Milk tooth extraction

Sometimes it happens that a milk tooth is no longer worth saving due to caries or an accident. In this case, unfortunately, we have to remove the tooth in order to avoid damaging consequences for the remaining teeth. Inadequate treatment (leaving the diseased tooth in place, etc.) would lead to long-term damage.
In addition, removing the milk tooth due to breakthrough disruptions by second teeth (permanent tooth grows in the second row) may be useful in order to avoid unfavourable orthodontic consequences.
This type of treatment is usually simple to carry out without complications. Depending on your child’s willingness to cooperate and psychological state, it is possible for us to use our non-invasive treatment methods such as behaviour guidance appropriate for children, nitrous oxide sedation or general anaesthetic in addition to the local anaesthetic.
In the event of very early tooth loss, it may be necessary to keep the gap created open by using a spacer. We will discuss with you and you child in each individual case whether a fixed or removable spacer is the right solution.

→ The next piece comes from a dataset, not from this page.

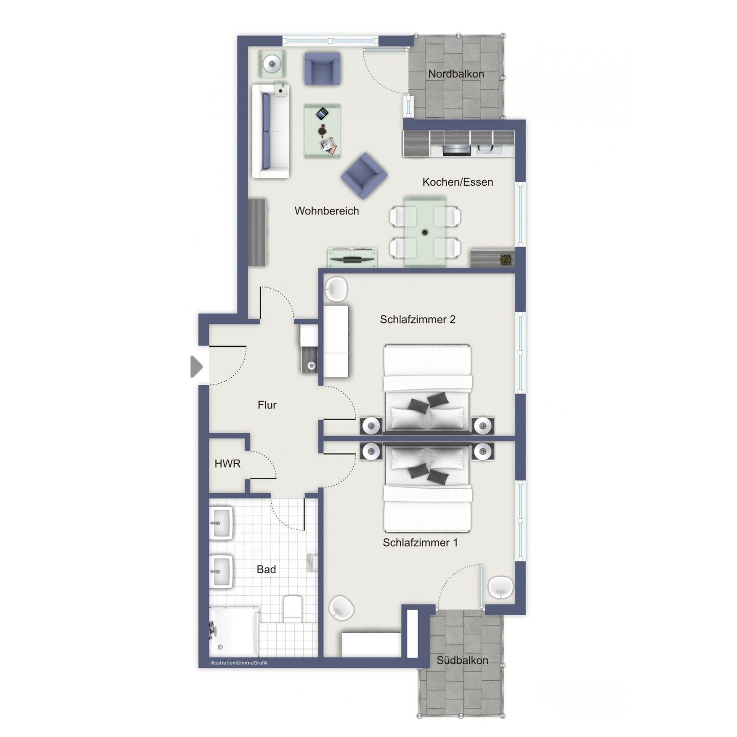 Deine moderne Ferienwohnung befindet sich im 2. Obergeschoss. Mit einer Größe von 57 m² bietet die Wohnung mit einem Wohn- und Essbereich, zwei geräumigen Schlafzimmern, einer Küchenzeile und einem Duschbad viel Platz für einen erholsamen Urlaub am Ostseestrand. Die Entfernung zum Strand beträgt etwa 100 Meter.

Permanent tooth extraction

In rare cases, permanent teeth also have to be removed from children and adolescents. The reasons for this may be caries, nerve inflammation or accidents.
Orthodontic reasons may also warrant the removal of permanent teeth.
In some patients we find excess numbers of teeth in the anterior area, which are often the cause of an anterior tooth gap (diastema). We usually remove these, especially if they impede the growth of other permanent teeth.

After removal, it is important to provide the gap created with a denture or have your child undergo orthodontic care.

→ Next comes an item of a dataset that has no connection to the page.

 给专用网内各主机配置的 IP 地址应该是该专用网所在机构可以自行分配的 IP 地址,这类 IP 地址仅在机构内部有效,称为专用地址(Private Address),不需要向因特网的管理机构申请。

We will advise you and your child in detail about removing permanent teeth and will find the right treatment method.

Treatment of dental inflammation (fistula, abscess)

If a dental treatment is delayed, many children complain about their problems. Often what is known as a fistula develops at the gumline, which looks like a small blister and from which pus may also be discharged. This may even lead to the formation of an abscess (accumulation of pus) and to a deterioration in the junior patient’s general condition (feeling unwell, high temperature, etc.).

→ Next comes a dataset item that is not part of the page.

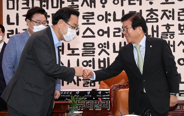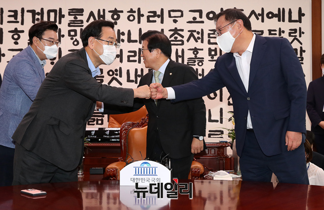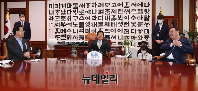 박병석 국회의장과 여야 원내대표가 28일 오전 국회 의장실에서 정례회동을 갖고 있다. (왼쪽부터 주호영 미래통합당 원내대표, 박병석 국회의장, 김태년 더불어민주당 원내대표)

Then it is important to make an appointment for your child to see us promptly in order to avoid any further complications.

Lip frenulum correction

The lip frenulum is a strand of connective and muscle tissue that is covered by the oral mucosa. In the upper jaw it constitutes the connection between the gums above the incisors and the lips. There is also a lip frenulum in the lower jaw but this rarely causes any problems.
About seven per cent of children in Germany have a pronounced gap in their teeth between the upper incisors (diastema mediale superior). The cause of this may be a lip frenulum that is too thick or too short so it extends too far between the teeth. The unfavourable consequences may be speech defects such as lisping. Sometimes, a lip frenulum that extends very low can even interfere with children’s oral hygiene, as the toothbrush causes pain when it comes into contact with the frenulum.
We carry out a thorough examination to determine whether the connective tissue frenulum is responsible for the gap in the front teeth or there are any other causes.
If the lip frenulum is shortened, we recommend a lip frenulum correction, in which the band is cut through (frenotomy) or completely removed (frenectomy), so that the gap in the teeth can close by itself. This correction is often carried out on children between the ages of seven and nine.

It is a minor surgical procedure.
We provide this procedure in our practice both conventionally as well as minimally invasive using laser therapy.

Lingual frenulum correction

The lingual frenulum is a muscular fold covered with mucus membrane, which connects the lower surface of the tongue to the floor of the mouth. In about 5% of all newborns, this lingual frenulum is shortened, which can impair the tongue’s manoeuvrability in pronounced cases. In extreme cases of shortening, tongues will appear to be notched or split in two at the front, especially when stretched out.
A severely shortened lingual frenulum may lead to difficulties with sucking, drinking, swallowing and breastfeeding problems even for infants.
A shortened lingual frenulum may also have a negative effect on speech development.
Other possible consequences are changes in the dental arch and misaligned teeth, especially the incisors.
It may be more difficult to fit and adjust dental braces later on. In some cases, the unfavourable position of the tongue may even result in mouth breathing.

In a minor outpatient procedure, the fusion of the tongue frenulum can be loosened and allow room for the tongue to move properly again. We provide this procedure in our practice both as a minor surgical intervention as well as minimally invasive using laser therapy.